-- Opening Marker --
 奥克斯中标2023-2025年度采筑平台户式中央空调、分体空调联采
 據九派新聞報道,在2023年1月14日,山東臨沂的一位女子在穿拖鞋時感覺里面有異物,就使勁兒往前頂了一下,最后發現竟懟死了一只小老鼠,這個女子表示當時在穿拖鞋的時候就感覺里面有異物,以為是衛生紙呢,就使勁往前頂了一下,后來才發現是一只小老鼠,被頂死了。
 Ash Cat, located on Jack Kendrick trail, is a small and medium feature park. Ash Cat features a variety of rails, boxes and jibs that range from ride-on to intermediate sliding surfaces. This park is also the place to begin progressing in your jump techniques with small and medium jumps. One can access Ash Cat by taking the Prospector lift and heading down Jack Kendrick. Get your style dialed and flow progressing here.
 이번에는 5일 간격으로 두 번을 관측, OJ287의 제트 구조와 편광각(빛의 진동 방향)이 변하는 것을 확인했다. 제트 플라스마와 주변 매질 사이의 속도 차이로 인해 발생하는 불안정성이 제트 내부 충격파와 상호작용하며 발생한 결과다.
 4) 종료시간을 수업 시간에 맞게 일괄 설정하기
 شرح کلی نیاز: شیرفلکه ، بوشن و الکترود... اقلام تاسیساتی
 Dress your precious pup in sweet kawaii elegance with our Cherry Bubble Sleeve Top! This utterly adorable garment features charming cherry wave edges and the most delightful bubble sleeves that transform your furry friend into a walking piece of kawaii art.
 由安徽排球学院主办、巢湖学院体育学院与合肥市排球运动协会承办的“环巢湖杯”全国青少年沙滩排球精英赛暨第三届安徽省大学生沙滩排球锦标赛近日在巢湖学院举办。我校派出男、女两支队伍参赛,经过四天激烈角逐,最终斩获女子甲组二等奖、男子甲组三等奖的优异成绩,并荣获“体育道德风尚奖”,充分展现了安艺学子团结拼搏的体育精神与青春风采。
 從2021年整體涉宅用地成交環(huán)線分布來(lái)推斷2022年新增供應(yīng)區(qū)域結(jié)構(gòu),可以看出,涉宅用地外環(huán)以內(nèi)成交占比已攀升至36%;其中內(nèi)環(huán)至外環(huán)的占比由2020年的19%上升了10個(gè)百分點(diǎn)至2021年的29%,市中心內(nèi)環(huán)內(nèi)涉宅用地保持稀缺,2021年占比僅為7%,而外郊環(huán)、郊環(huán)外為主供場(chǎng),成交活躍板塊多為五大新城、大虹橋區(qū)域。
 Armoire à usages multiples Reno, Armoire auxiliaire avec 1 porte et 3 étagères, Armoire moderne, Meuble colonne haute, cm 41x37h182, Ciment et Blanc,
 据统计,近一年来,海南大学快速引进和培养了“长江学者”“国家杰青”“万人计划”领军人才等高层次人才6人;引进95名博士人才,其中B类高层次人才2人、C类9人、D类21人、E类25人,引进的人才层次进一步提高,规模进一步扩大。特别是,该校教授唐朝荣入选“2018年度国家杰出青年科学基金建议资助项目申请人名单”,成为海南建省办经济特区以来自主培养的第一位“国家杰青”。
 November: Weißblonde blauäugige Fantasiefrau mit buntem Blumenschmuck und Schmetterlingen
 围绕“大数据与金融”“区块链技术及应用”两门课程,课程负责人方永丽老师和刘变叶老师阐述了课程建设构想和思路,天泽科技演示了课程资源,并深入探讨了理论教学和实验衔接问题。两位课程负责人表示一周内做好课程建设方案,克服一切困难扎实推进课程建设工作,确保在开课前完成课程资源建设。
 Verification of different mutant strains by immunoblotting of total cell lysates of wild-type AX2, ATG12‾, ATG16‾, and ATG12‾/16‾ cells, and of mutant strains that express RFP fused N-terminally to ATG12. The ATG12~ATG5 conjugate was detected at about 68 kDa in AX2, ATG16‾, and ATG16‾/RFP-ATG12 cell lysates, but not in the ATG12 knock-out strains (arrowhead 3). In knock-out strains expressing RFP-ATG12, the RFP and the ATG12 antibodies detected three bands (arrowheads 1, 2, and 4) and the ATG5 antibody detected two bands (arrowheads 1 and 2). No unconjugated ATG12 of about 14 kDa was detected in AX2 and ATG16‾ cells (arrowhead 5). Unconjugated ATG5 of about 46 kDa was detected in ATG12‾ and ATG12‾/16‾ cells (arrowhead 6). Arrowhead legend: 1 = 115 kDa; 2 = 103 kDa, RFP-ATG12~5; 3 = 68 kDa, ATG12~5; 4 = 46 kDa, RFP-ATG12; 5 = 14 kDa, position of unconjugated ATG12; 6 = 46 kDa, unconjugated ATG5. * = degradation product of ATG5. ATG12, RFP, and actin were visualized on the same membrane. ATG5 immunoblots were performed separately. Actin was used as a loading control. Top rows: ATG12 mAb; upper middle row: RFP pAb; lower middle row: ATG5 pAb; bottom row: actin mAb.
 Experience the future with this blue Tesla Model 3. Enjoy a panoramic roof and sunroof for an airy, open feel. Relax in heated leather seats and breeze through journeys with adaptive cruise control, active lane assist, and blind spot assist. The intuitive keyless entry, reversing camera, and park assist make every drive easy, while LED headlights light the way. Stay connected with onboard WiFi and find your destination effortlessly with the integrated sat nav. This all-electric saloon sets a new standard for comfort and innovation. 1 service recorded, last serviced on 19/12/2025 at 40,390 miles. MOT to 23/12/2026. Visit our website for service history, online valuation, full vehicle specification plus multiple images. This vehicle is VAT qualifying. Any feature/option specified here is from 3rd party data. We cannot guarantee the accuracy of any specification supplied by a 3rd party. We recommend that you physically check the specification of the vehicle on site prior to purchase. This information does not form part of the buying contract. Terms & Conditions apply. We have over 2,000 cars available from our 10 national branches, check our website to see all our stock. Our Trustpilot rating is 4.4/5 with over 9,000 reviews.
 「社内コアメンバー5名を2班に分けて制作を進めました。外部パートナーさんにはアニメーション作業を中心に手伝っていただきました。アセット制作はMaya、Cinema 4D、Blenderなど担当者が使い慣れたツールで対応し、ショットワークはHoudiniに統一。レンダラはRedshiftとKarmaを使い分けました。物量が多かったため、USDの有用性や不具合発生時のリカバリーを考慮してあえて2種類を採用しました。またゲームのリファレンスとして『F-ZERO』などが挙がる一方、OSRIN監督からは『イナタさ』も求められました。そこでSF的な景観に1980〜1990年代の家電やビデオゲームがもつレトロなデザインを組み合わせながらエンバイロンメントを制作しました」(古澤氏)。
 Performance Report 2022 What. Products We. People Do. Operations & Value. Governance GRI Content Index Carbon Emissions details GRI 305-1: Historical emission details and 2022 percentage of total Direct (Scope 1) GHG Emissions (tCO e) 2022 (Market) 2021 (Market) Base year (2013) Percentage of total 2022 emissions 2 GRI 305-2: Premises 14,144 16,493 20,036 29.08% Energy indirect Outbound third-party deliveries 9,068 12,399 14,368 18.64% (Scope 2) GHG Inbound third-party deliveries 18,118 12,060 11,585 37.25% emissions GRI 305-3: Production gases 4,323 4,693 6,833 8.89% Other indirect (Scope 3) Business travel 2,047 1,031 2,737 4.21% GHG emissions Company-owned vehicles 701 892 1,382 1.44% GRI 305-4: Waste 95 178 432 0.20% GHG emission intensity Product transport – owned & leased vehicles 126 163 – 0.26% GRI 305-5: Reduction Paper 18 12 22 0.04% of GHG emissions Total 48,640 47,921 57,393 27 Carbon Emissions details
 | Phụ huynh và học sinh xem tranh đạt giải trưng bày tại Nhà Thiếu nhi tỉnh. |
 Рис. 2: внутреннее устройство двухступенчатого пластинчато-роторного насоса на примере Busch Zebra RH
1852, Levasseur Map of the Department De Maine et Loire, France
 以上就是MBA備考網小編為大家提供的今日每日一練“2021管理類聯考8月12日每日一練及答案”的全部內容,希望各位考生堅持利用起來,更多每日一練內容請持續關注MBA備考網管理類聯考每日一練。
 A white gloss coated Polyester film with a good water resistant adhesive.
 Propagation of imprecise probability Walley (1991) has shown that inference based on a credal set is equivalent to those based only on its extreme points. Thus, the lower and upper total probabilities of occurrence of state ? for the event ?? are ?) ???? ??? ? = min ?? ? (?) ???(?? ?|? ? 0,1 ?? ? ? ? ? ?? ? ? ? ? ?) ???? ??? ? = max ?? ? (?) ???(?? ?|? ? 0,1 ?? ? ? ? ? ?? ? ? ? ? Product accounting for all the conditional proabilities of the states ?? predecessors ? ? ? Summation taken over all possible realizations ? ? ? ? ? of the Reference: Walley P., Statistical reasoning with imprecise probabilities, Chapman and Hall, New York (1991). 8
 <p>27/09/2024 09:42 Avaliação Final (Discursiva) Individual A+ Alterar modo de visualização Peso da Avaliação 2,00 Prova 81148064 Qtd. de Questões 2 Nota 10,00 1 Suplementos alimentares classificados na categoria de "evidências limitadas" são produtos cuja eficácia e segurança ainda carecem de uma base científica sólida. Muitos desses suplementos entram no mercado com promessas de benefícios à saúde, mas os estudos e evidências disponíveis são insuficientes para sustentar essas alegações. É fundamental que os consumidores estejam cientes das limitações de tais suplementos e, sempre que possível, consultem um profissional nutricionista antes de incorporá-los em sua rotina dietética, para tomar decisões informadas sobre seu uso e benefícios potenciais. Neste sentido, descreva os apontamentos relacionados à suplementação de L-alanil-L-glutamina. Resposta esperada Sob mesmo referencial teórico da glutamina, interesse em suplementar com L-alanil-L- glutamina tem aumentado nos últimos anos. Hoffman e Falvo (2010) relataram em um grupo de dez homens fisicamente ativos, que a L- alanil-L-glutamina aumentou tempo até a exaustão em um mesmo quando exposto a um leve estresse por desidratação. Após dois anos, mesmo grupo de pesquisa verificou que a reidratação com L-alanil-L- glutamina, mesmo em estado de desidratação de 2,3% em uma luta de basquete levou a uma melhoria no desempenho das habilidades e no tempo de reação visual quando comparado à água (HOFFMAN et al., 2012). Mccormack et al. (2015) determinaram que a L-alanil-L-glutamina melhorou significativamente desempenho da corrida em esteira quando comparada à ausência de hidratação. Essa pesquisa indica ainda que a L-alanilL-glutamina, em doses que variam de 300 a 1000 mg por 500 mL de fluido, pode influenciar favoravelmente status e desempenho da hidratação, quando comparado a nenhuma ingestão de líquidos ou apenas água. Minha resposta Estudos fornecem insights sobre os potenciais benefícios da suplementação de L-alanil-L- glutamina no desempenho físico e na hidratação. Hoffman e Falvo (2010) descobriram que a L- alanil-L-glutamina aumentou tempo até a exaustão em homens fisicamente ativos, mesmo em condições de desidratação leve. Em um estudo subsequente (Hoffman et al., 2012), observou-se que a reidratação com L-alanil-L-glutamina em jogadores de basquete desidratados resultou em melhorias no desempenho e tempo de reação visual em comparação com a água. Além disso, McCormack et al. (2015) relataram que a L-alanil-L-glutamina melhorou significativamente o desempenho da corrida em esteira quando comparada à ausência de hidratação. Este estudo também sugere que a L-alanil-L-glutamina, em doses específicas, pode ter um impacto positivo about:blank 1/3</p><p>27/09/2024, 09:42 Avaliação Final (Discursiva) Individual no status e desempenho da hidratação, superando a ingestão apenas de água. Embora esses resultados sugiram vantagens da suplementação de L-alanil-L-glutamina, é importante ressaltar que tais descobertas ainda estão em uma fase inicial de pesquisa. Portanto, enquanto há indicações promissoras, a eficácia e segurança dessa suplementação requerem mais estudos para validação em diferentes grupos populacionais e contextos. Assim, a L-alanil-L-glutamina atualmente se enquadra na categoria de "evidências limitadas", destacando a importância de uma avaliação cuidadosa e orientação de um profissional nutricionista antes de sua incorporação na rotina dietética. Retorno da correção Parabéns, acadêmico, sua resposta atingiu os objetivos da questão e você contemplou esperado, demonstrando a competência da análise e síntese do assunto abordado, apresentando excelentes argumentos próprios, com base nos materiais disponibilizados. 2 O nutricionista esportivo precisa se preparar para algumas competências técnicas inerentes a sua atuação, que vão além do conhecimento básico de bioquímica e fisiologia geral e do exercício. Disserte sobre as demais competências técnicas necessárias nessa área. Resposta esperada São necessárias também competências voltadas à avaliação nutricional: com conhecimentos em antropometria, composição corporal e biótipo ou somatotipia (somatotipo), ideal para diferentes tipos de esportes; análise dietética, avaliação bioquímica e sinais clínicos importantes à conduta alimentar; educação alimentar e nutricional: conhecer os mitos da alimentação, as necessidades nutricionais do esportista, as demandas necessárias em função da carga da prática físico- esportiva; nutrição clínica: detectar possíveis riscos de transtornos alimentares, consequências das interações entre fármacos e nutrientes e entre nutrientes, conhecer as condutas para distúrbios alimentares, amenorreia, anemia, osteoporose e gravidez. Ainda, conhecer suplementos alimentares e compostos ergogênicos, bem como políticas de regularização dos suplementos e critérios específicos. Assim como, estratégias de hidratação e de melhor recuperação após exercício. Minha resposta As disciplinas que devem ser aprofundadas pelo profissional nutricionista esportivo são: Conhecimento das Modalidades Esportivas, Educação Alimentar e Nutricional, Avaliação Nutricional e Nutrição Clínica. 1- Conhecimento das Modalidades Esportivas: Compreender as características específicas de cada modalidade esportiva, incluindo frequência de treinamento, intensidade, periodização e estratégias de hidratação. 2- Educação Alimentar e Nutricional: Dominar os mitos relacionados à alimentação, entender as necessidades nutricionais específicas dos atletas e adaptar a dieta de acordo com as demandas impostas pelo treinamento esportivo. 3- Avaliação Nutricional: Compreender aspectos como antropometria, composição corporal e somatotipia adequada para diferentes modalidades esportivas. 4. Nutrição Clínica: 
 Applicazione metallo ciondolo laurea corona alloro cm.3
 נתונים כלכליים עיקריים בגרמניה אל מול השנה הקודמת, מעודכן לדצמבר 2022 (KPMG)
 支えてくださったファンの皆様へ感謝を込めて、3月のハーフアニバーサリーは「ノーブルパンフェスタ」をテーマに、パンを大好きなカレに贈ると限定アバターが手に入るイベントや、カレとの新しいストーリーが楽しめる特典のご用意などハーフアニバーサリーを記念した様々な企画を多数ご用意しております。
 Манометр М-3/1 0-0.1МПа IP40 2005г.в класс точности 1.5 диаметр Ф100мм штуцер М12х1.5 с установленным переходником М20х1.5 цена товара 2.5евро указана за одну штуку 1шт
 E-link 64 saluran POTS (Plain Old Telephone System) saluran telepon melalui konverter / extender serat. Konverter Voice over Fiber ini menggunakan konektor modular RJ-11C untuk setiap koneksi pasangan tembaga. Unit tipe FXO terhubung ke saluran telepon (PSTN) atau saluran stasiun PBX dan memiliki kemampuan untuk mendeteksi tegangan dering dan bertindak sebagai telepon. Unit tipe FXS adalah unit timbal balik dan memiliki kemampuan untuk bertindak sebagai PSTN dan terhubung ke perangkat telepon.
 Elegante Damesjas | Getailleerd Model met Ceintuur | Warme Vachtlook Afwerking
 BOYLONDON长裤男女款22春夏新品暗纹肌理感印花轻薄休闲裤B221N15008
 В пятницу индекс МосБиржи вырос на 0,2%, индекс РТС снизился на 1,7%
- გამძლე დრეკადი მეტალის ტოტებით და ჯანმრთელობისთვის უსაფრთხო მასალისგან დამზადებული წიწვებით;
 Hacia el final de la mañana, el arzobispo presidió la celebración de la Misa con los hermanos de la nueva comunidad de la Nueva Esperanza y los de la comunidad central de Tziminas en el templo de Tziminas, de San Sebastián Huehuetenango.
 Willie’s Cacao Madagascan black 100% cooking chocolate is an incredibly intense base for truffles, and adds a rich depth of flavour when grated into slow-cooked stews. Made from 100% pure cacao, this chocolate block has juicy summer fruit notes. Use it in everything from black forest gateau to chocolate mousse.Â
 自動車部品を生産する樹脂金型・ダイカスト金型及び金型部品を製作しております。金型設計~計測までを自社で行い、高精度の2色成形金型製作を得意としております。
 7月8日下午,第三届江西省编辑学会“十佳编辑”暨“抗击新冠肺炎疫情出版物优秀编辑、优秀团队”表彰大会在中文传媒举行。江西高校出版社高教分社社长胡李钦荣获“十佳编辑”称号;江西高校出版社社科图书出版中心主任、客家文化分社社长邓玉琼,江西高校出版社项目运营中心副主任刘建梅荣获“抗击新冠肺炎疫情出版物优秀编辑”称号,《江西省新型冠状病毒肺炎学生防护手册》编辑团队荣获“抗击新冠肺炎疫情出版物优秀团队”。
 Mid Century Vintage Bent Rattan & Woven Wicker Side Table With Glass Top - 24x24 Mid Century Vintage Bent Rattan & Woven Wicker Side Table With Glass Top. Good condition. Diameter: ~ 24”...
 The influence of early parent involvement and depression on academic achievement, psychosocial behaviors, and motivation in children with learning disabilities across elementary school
-- Closing Marker --
**TASK DETAILS**
Take the entries above and return only the lines from the one with "1852, Levasseur Map" to the one with "Propagation of imprecise", both included, unchanged.

**EXERCISE RESPONSE**
1852, Levasseur Map of the Department De Maine et Loire, France
 以上就是MBA備考網小編為大家提供的今日每日一練“2021管理類聯考8月12日每日一練及答案”的全部內容,希望各位考生堅持利用起來,更多每日一練內容請持續關注MBA備考網管理類聯考每日一練。
 A white gloss coated Polyester film with a good water resistant adhesive.
 Propagation of imprecise probability Walley (1991) has shown that inference based on a credal set is equivalent to those based only on its extreme points. Thus, the lower and upper total probabilities of occurrence of state ? for the event ?? are ?) ???? ??? ? = min ?? ? (?) ???(?? ?|? ? 0,1 ?? ? ? ? ? ?? ? ? ? ? ?) ???? ??? ? = max ?? ? (?) ???(?? ?|? ? 0,1 ?? ? ? ? ? ?? ? ? ? ? Product accounting for all the conditional proabilities of the states ?? predecessors ? ? ? Summation taken over all possible realizations ? ? ? ? ? of the Reference: Walley P., Statistical reasoning with imprecise probabilities, Chapman and Hall, New York (1991). 8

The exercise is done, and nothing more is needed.